楷の木(横沼公園)

  • 2008/06/23(月) 23:12:51

 昨日の「文化のつどい」第一部の音楽劇「楷の木のある街」のモデルは、横沼公園(東大阪市)にあるのですが、きょうたまたまその近くを通ったので実際に見てきました。東大阪に住んでいた一人のおばあさんが、岡山から苗木を2本持ち帰り、公園に植えたのが10年ほど前のことらしいのですが、生命力が強く、しっかりと大地に根をはって葉を茂らせていました。
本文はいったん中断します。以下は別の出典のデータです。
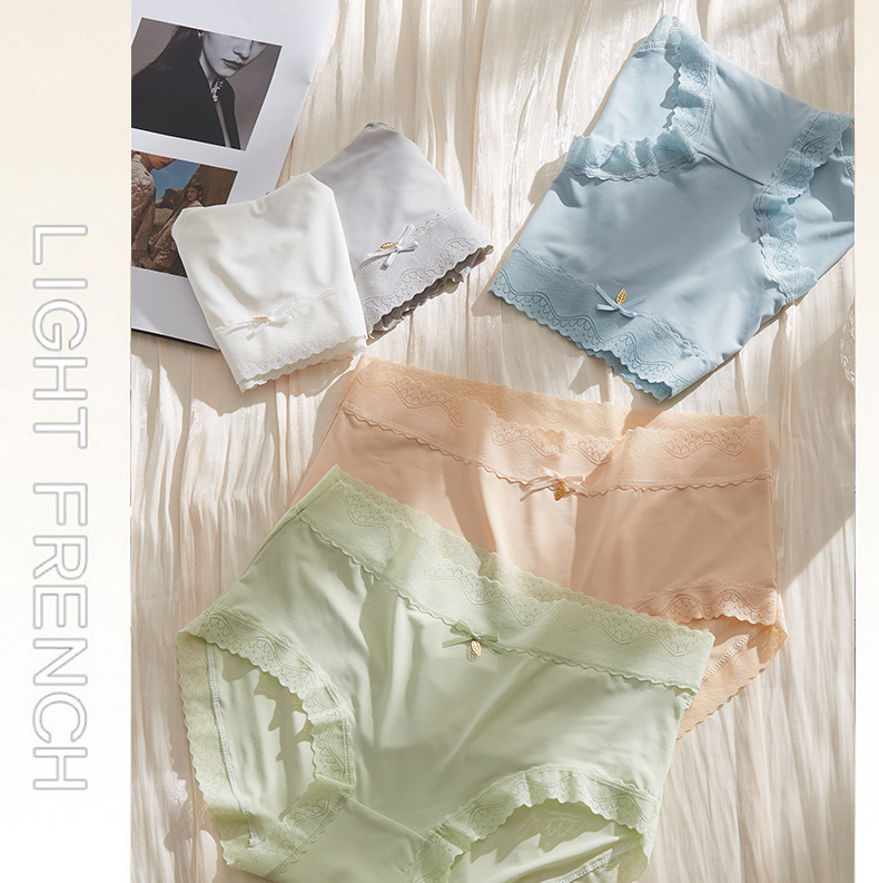 새로운 아이스 실크 여성 속옷 무마킹 미드 웨이스트 퓨어 코튼 통기성 팬티 초박형 실키 통기성 여아 속옷스토어 가기

 「今どうなってるの?!東大阪」のなかで取材された文をここで引用させていただくと・・・
  
<秋には紅葉するそうで、見たところハゼの木に近い感じ。おばあさんは、備前の史跡「閑谷(しずたに)学校」から譲り受け、この公園の許可を得て植えたといいます。「学問の木」と呼ばれるのは、孔子廟に高弟が献樹したことから。>
しっかりと大地に根をはった楷の木(横沼公園)

 私がなぜこの木に興味をもったかというと、「楷の木のある街」の脚本を書かれた乾みや子さんという方が、パンフレットの文章に書いておられたことに心を打たれたからでした。そこから引用させていただくと・・・・

 <第10回「文化のつどい」のチラシに、鈴木良代表の「おばあさんの木」という文章が載った。以前から「耳がご不自由なのに始めから終わりまでじっと客席で聞き入ってくださるおばあさんがいらっしゃる」とは聞いていた。そういう方が一人でも居られる限り、この「つどい」を続ける意味がある、とおもわせてもらってきた。まさか、その方が車に轢かれて亡くなったなんて・・・しかも毎朝続けておられた公園のおそうじの帰りに。
 横沼公園に行ってその木を見上げた。・・・・・一度もお目にかかったことはなかったけれど、木村さんとおっしゃるその方の、強烈なメッセージが心を打った。・・・・・木村さんの生命は、楷の木に移され、公園を訪れる人生のいろいろなステージを見守る。・・・・・>

 毎朝公園のおそうじをされていた名もない市井のひとりのおばあさんが残した2本の木は、その木を通じて多くの人の心に生きる力をあたえ、その人生を見守っているにちがいない。